# Exercise details
Write down exactly the lines from the one below that has "- Lukas Sandner" to the end of the data, both ends included; the pictures should not appear in your copy.

::::

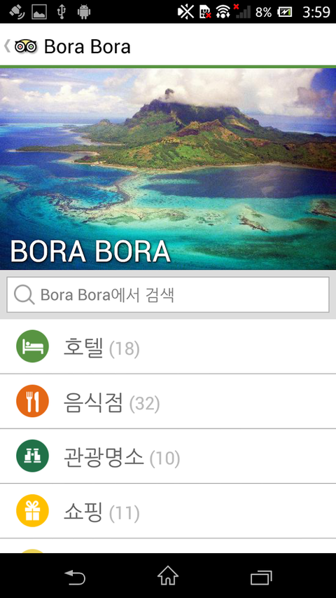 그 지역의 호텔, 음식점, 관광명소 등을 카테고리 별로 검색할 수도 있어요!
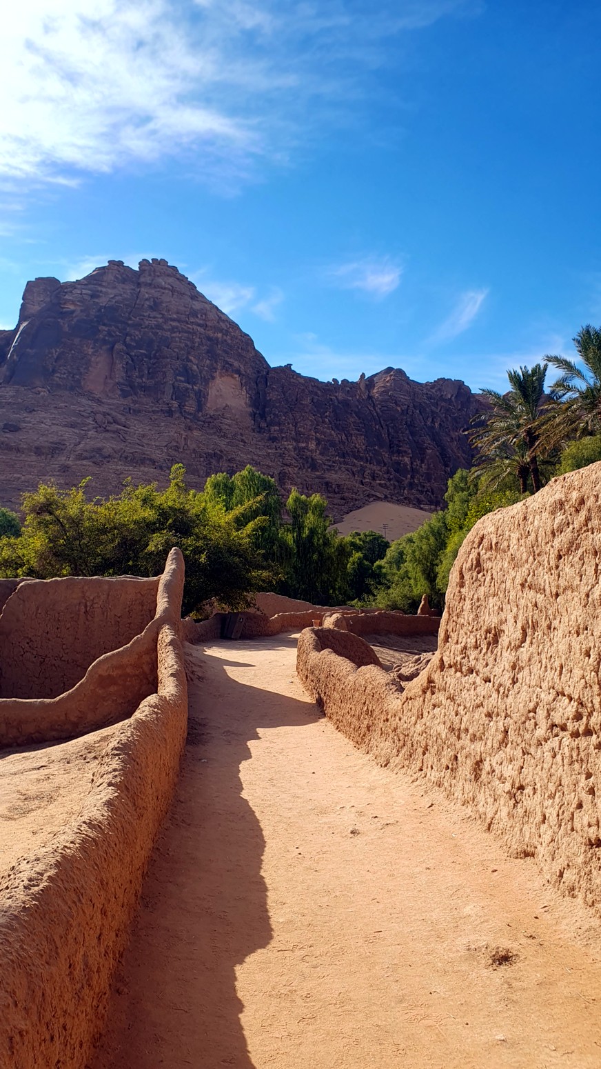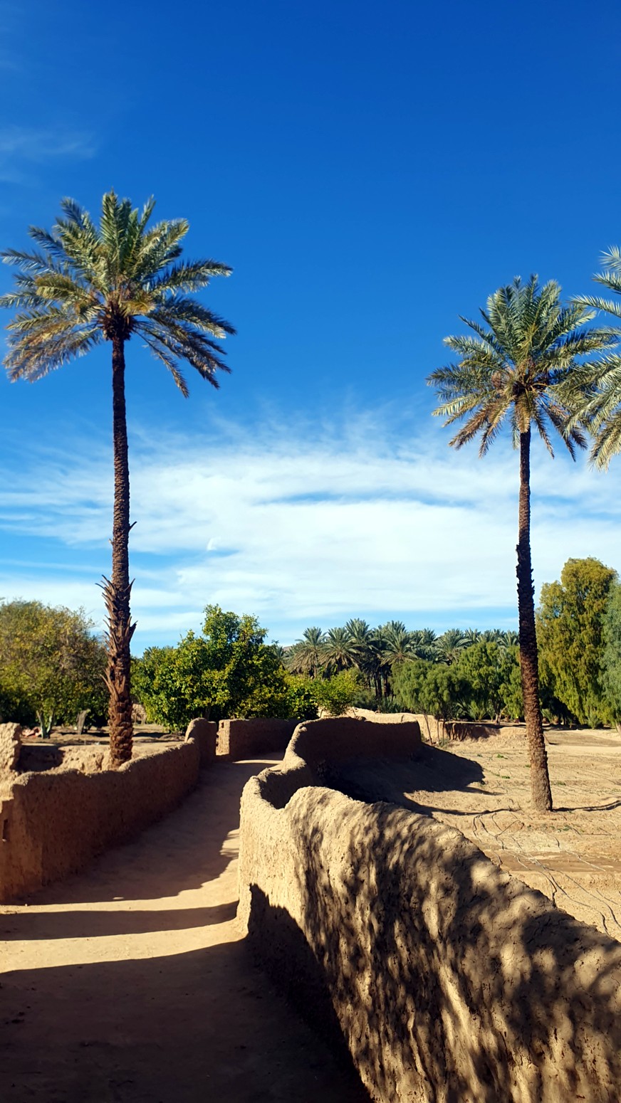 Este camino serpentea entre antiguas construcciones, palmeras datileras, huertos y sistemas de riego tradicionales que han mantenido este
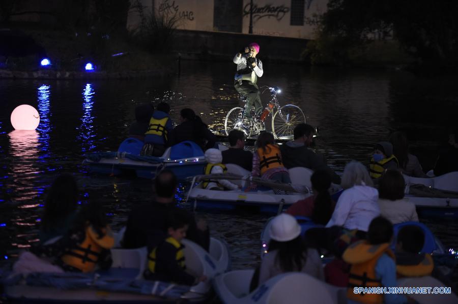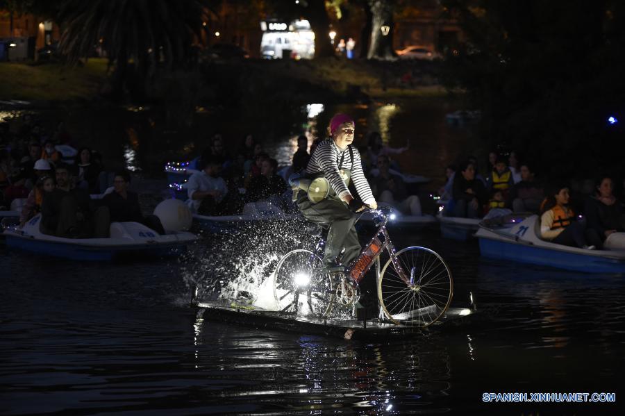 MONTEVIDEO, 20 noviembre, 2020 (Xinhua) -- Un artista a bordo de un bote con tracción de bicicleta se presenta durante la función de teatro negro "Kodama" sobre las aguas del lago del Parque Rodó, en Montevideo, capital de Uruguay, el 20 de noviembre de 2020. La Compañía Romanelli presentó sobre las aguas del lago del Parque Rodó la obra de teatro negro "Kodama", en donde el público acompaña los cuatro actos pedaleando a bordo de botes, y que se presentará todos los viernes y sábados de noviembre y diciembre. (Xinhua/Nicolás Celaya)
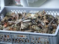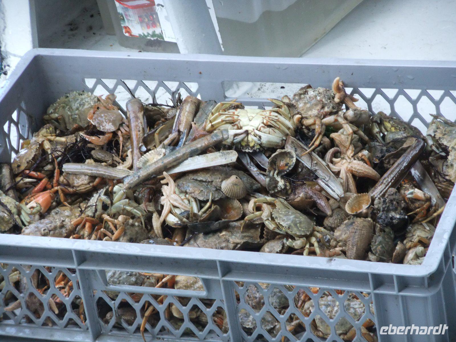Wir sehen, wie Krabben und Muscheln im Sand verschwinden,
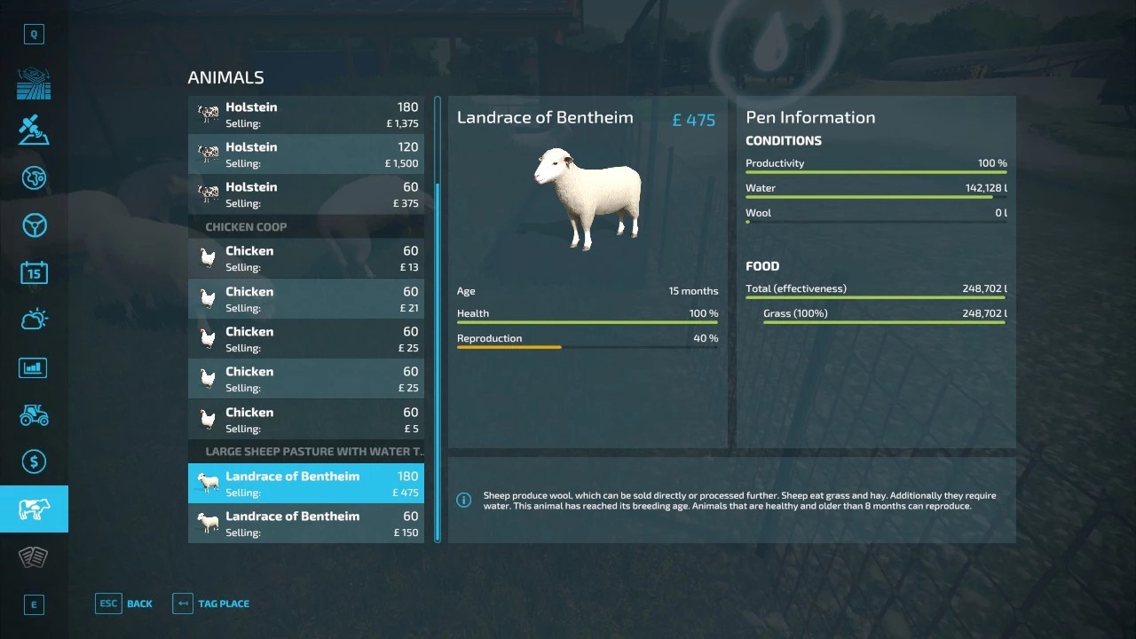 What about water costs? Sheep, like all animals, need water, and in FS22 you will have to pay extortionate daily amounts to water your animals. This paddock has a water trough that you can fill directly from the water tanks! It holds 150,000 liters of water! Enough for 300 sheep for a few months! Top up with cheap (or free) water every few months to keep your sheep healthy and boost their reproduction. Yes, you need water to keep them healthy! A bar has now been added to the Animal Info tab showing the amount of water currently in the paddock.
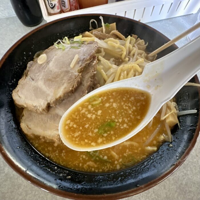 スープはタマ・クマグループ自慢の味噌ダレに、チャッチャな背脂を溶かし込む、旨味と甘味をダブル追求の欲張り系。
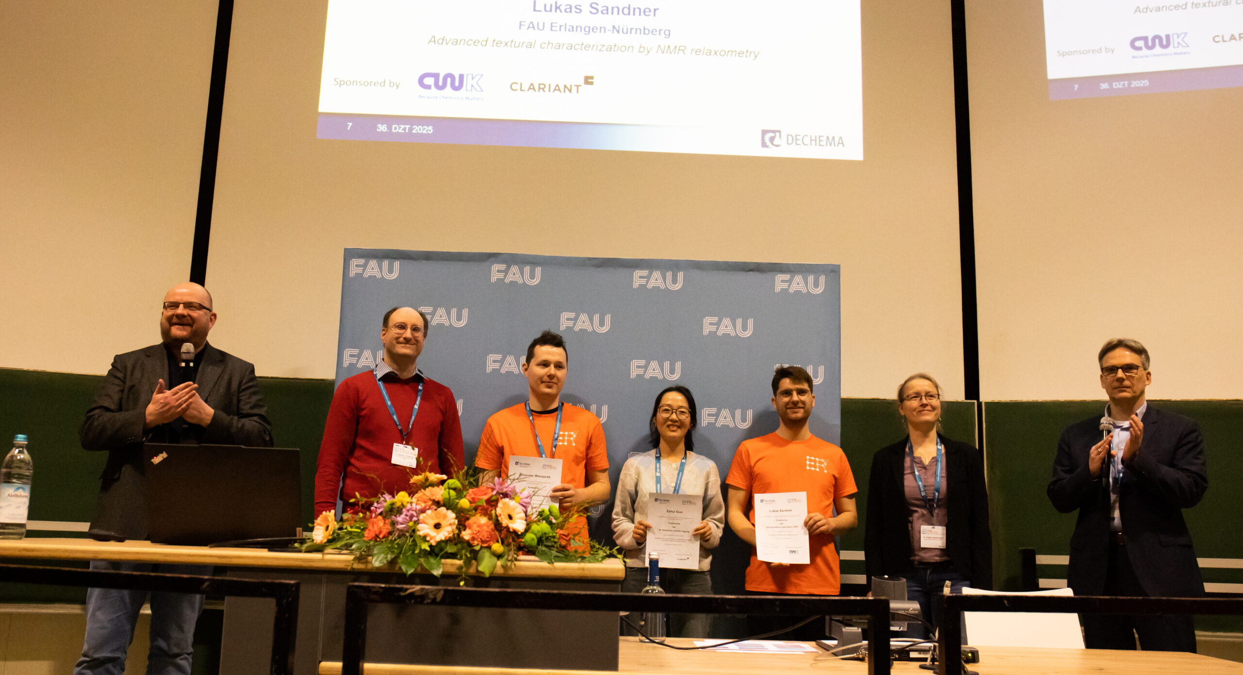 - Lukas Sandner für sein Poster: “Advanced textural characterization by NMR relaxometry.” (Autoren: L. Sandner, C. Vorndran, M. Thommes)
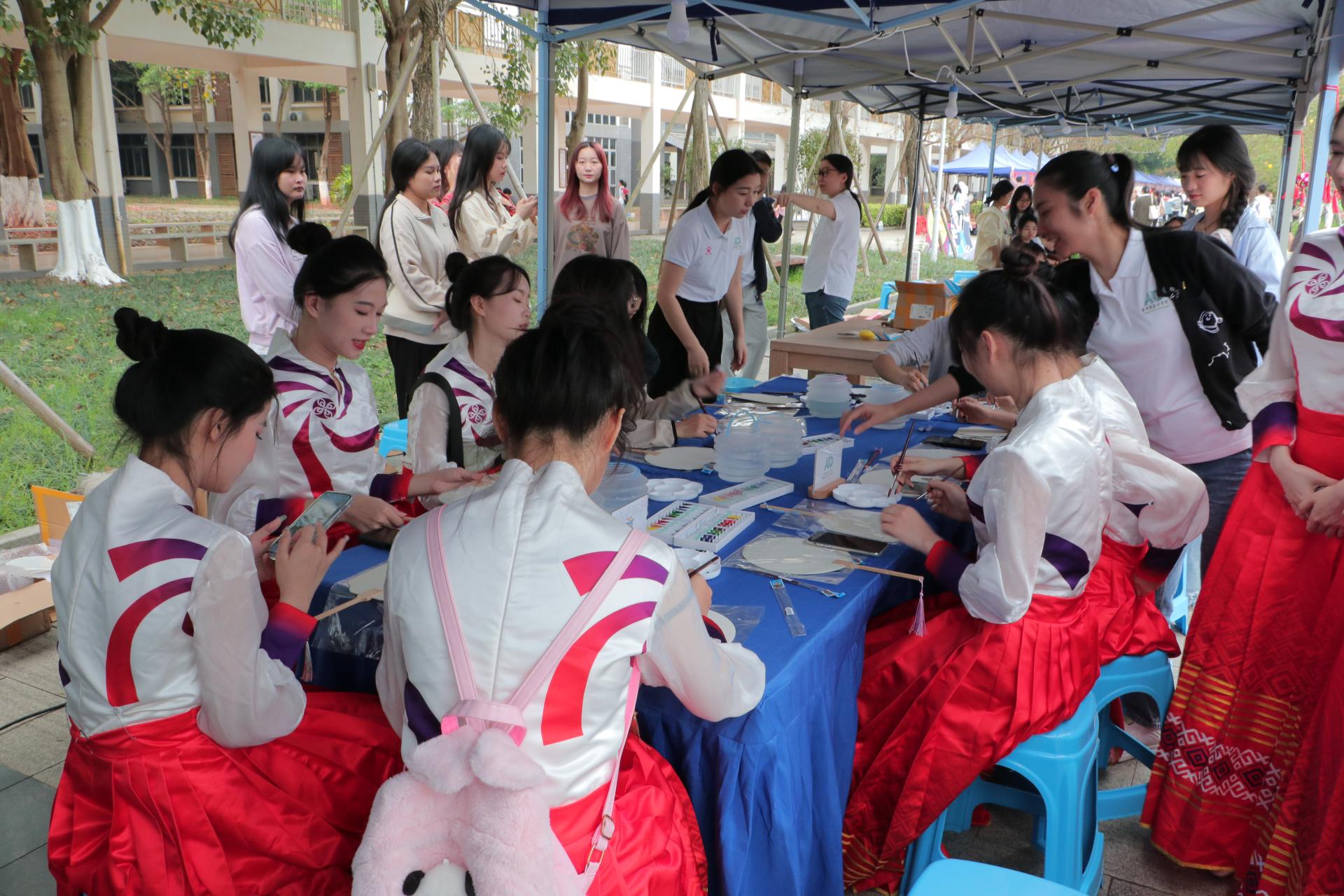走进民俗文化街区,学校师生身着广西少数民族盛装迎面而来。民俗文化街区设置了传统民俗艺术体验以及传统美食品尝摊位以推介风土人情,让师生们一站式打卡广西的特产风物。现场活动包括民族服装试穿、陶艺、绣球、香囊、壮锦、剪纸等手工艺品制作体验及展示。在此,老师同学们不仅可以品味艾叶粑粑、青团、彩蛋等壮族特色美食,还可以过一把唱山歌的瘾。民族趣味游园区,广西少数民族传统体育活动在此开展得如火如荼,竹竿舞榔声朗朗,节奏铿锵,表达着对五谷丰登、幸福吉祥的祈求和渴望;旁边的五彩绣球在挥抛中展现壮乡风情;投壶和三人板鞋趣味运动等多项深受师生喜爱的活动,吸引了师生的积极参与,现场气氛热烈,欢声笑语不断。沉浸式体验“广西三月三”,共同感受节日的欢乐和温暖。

::::

# Answer to this problem
 - Lukas Sandner für sein Poster: “Advanced textural characterization by NMR relaxometry.” (Autoren: L. Sandner, C. Vorndran, M. Thommes)
走进民俗文化街区,学校师生身着广西少数民族盛装迎面而来。民俗文化街区设置了传统民俗艺术体验以及传统美食品尝摊位以推介风土人情,让师生们一站式打卡广西的特产风物。现场活动包括民族服装试穿、陶艺、绣球、香囊、壮锦、剪纸等手工艺品制作体验及展示。在此,老师同学们不仅可以品味艾叶粑粑、青团、彩蛋等壮族特色美食,还可以过一把唱山歌的瘾。民族趣味游园区,广西少数民族传统体育活动在此开展得如火如荼,竹竿舞榔声朗朗,节奏铿锵,表达着对五谷丰登、幸福吉祥的祈求和渴望;旁边的五彩绣球在挥抛中展现壮乡风情;投壶和三人板鞋趣味运动等多项深受师生喜爱的活动,吸引了师生的积极参与,现场气氛热烈,欢声笑语不断。沉浸式体验“广西三月三”,共同感受节日的欢乐和温暖。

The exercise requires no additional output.